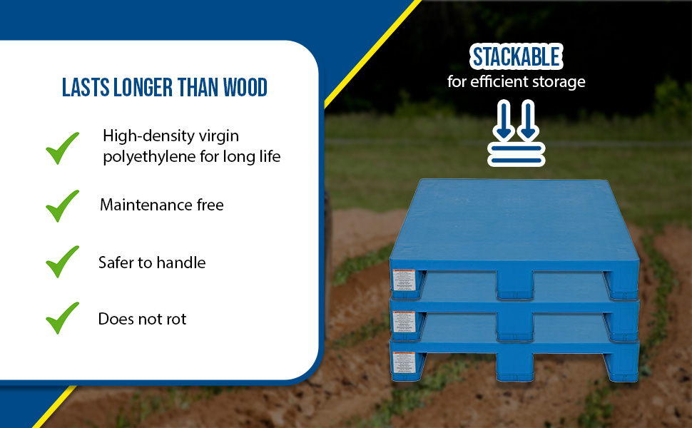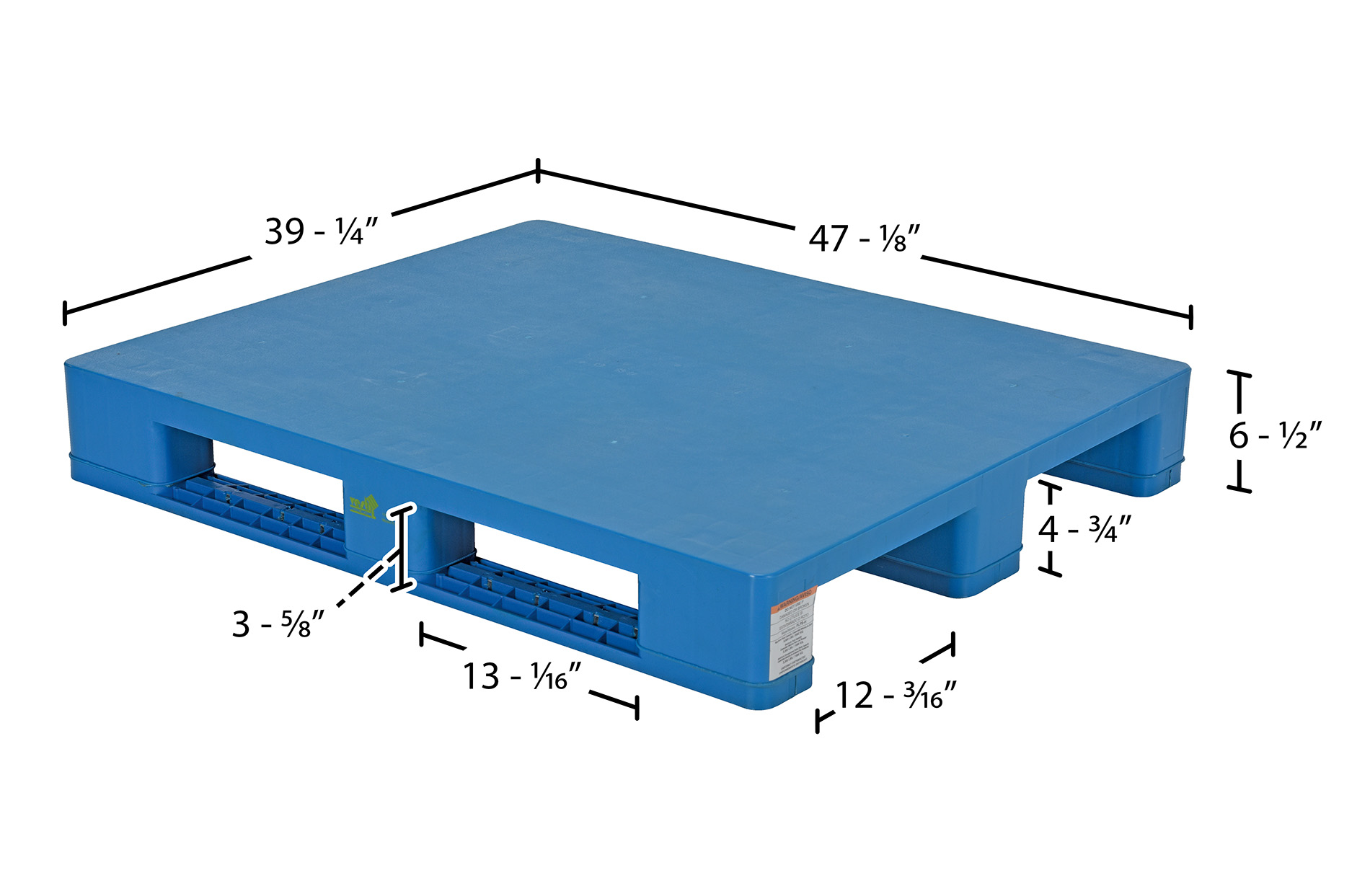 PLPS-H PLPS-HHigh Density Polyethylene Solid Top Rackable Pallet/Skid 39-1/4 In. x 47-1/8 In. x 6-1/2 In. 8,800 Lb. Floor Capacity BlueOverall Width (in.): 39-1/4
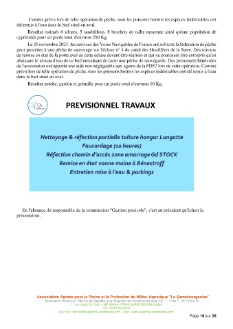 Le 21 novembre 2021, les services des Voies Navigables de France ont sollicité la fédération de pêche
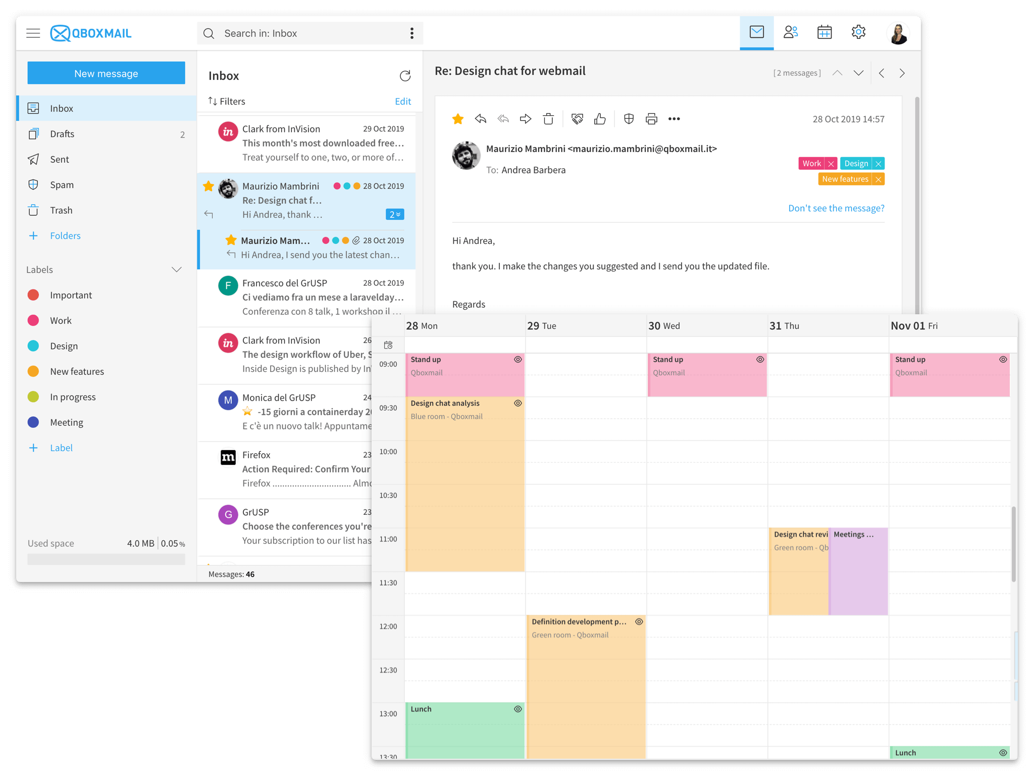 La Webmail di Qboxmail consente di avere sempre a disposizione i dati di cui si ha bisogno: cartelle di posta, rubriche aziendali e calendari sono sempre sincronizzati su tutti i device e condivisibili con i collaboratori.
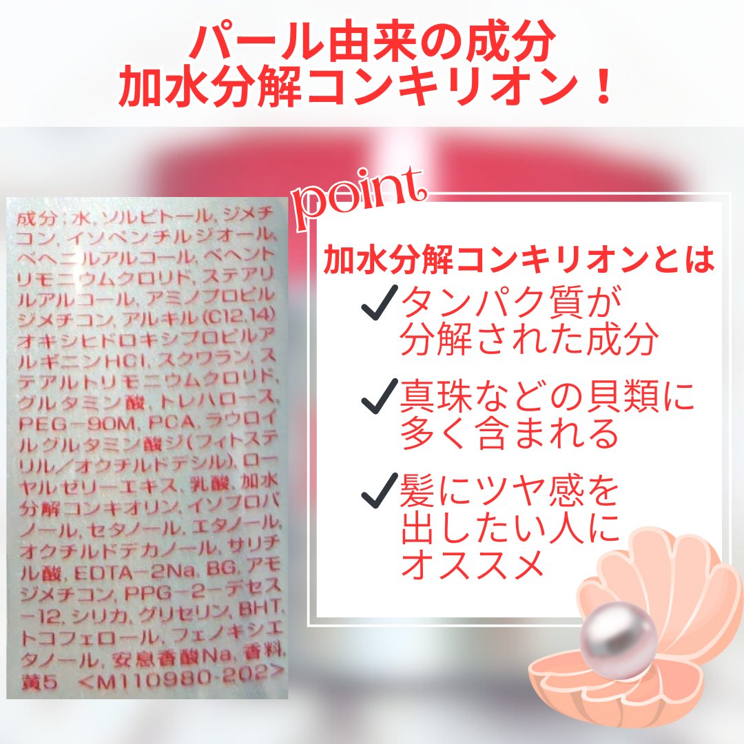 - <本体230g> 水、ソルビトール、ジメチコン、水添ナタネ油アルコール、イソペンチルジオール、ベヘントリモニウムクロリド、アミノプロピルジメチコン、アルキル(C12、14)オキシヒドロキシプロピルアルギニンHCl、ステアリルジヒドロキシプロピルジモニウムオリゴ糖、グルタミン酸、トレハロース、スクワラン、ステアルトリモニウムクロリド、PEG-90M、PCA、ラウロイルグルタミン酸ジ(フィトステリル/オクチルドデシル)、加水分解コムギタンパク、ポリクオタニウム-64、加水分解コムギデンプン、ローヤルゼリーエキス、イソプロパノール、セタノール、オクチルドデカノール、エタノール、PG、BG、トコフェロール、フェノキシエタノール、安息香酸Na、香料、黄5 <つめかえ用700g> 水、ソルビトール、ジメチコン、水添ナタネ油アルコール、イソペンチルジオール、ベヘントリモニウムクロリド、アミノプロピルジメチコン、アルキル(C12、14)オキシヒドロキシプロピルアルギニンHCl、ステアリルジヒドロキシプロピルジモニウムオリゴ糖、グルタミン酸、トレハロース、スクワラン、ステアルトリモニウムクロリド、PEG-90M、PCA、ラウロイルグルタミン酸ジ(フィトステリル/オクチルドデシル)、加水分解コムギタンパク、ポリクオタニウム-64、加水分解コムギデンプン、ローヤルゼリーエキス、イソプロパノール、セタノール、オクチルドデカノール、エタノール、PG、BG、トコフェロール、フェノキシエタノール、安息香酸Na、香料、黄5 <ピンクリボン(230g)> シリカ、水、BG、ジメチコン、ソルビトール、フェノキシエタノール、スクワラン、香料、トコフェロール、エタノール、ローヤルゼリーエキス、セタノール、トレハロース、イソペンチルジオール、イソプロパノール、ベヘントリモニウムクロリド、ポリクオタニウム-64、PCA、PEG-90M、黄5、BHT、ラウロイルグルタミン酸ジ(フィトステリル/オクチルドデシル)、水添ナタネ油アルコール、グルタミン酸、オクチルドデカノール、安息香酸Na、ステアルトリモニウムクロリド、アミノプロピルジメチコン、アルキル(C12、14)オキシヒドロキシプロピルアルギニンHCI
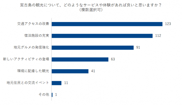 【質問】宮古島の観光について、どのようなサービスや体験があれば良いと思いますか?(複数選択可)

┄┄┄┄┄┄

**WORK TASK**
The listing is to be reproduced in full and exactly, except that its pictures are to be dropped.

**PROBLEM SOLUTION**
 PLPS-H PLPS-HHigh Density Polyethylene Solid Top Rackable Pallet/Skid 39-1/4 In. x 47-1/8 In. x 6-1/2 In. 8,800 Lb. Floor Capacity BlueOverall Width (in.): 39-1/4
 Le 21 novembre 2021, les services des Voies Navigables de France ont sollicité la fédération de pêche
 La Webmail di Qboxmail consente di avere sempre a disposizione i dati di cui si ha bisogno: cartelle di posta, rubriche aziendali e calendari sono sempre sincronizzati su tutti i device e condivisibili con i collaboratori.
 - <本体230g> 水、ソルビトール、ジメチコン、水添ナタネ油アルコール、イソペンチルジオール、ベヘントリモニウムクロリド、アミノプロピルジメチコン、アルキル(C12、14)オキシヒドロキシプロピルアルギニンHCl、ステアリルジヒドロキシプロピルジモニウムオリゴ糖、グルタミン酸、トレハロース、スクワラン、ステアルトリモニウムクロリド、PEG-90M、PCA、ラウロイルグルタミン酸ジ(フィトステリル/オクチルドデシル)、加水分解コムギタンパク、ポリクオタニウム-64、加水分解コムギデンプン、ローヤルゼリーエキス、イソプロパノール、セタノール、オクチルドデカノール、エタノール、PG、BG、トコフェロール、フェノキシエタノール、安息香酸Na、香料、黄5 <つめかえ用700g> 水、ソルビトール、ジメチコン、水添ナタネ油アルコール、イソペンチルジオール、ベヘントリモニウムクロリド、アミノプロピルジメチコン、アルキル(C12、14)オキシヒドロキシプロピルアルギニンHCl、ステアリルジヒドロキシプロピルジモニウムオリゴ糖、グルタミン酸、トレハロース、スクワラン、ステアルトリモニウムクロリド、PEG-90M、PCA、ラウロイルグルタミン酸ジ(フィトステリル/オクチルドデシル)、加水分解コムギタンパク、ポリクオタニウム-64、加水分解コムギデンプン、ローヤルゼリーエキス、イソプロパノール、セタノール、オクチルドデカノール、エタノール、PG、BG、トコフェロール、フェノキシエタノール、安息香酸Na、香料、黄5 <ピンクリボン(230g)> シリカ、水、BG、ジメチコン、ソルビトール、フェノキシエタノール、スクワラン、香料、トコフェロール、エタノール、ローヤルゼリーエキス、セタノール、トレハロース、イソペンチルジオール、イソプロパノール、ベヘントリモニウムクロリド、ポリクオタニウム-64、PCA、PEG-90M、黄5、BHT、ラウロイルグルタミン酸ジ(フィトステリル/オクチルドデシル)、水添ナタネ油アルコール、グルタミン酸、オクチルドデカノール、安息香酸Na、ステアルトリモニウムクロリド、アミノプロピルジメチコン、アルキル(C12、14)オキシヒドロキシプロピルアルギニンHCI
 【質問】宮古島の観光について、どのようなサービスや体験があれば良いと思いますか?(複数選択可)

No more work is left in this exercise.